Two hundred yards from the house, where the strip of bush, skirting the meadow, touched the road, my uncle got down from his horse and tied the bridle rein to a sapling.

"What now, Abner?" cried Randolph, like a man swept along in a current of crazy happenings.

"I am going in to arrange about the payment of the money," replied my uncle.

The justice swore a great oath. If my uncle was setting out to interview desperate assassins-as his acts indicated-alone and unarmed, it was the extreme of foolhardy peril. Did he think murderers would parley with him and let him come away to tell it and to lead in a posse? It was a thing beyond all sane belief!

And it is evidence of the blood in Randolph that in this conviction, with the inevitable end of the venture before his face, he got down and went in with my uncle.

The path lay along a sort of dike, thrown up in some ancient time against the swamp. Now along the sides it was grown with great reeds, water beech and the common bush of wet lands.

They came to the old tobacco house noiselessly on the damp path. The tumbledown door had been set in place.

My uncle did not pause for any consideration of finesse or safety. He went straight ahead to the door and flung it open. It was rotten and insecurely set, and it fell with a clatter into the abandoned house.

At the sound a big, gaunt figure, asleep on the floor, sprang up.

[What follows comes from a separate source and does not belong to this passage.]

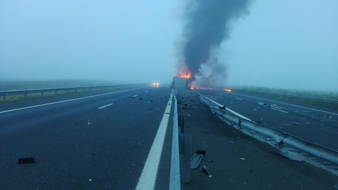 Centrul Info Trafic al Poliției Române anunță că șoferul unui autotren a pierdut controlul direțciei, a acroșat două autocamioane staționate pe banda de urgență, s-a răsturnat pe glisiera mediană, după care a luat foc. Nu s-au înregistrat victime.

In the dim light Randolph looked about for a weapon-a piece of the broken door would do. But my uncle was undisturbed.

"Dabney," he said, "I came to arrange about the money. My agent, Mr. Gray, in Memphis, will hand it to you. There will be nothing to sign."

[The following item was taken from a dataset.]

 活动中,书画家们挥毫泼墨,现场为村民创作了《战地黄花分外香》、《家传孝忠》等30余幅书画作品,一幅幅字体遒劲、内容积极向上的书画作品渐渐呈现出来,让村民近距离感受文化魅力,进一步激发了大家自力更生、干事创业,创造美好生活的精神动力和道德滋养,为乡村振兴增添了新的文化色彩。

Randolph said he cried out, because he was astonished: "Dabney Madison, by the living God! I thought you were dead!"

My uncle turned about. "How could you think that, Randolph?" he said. "You yourself pointed out how the dog was killed by somebody who knew him; and you must have seen that there was no blood on the floor where the dog lay-and consequently that the dog was killed in the bed to furnish blood for the pretended murder."

"But the money, Abner!" cried Randolph. "Why do you pay Dabney Madison this money?"

"Because it is his share of his father's estate," replied my uncle.

"So you were after that!" cried Randolph; "the half of your father's estate. Damme, man, you took a lot of hell-turns on the road to that! Why didn't you sue in the courts? Your right was legal."

"Because a suit at law would have brought out his past," replied my uncle.

The man roused thus abruptly out of sleep had got now some measure of control.

"Randolph," he said, "no law of God or man runs on the sea. The trade of the sea south of the Bermudas is no business for a gentleman or to be told in the land of his father's honor. Abner knew where I'd been!"

"Yes," replied my uncle. "When I saw your bleached face; when I saw your cropped head under the pirate cloth; when I saw you take three steps in your nervous walk, and turn-I knew."

"That I had been in the Spanish Main?" said Dabney.

"That you had been in the penitentiary!" said my uncle.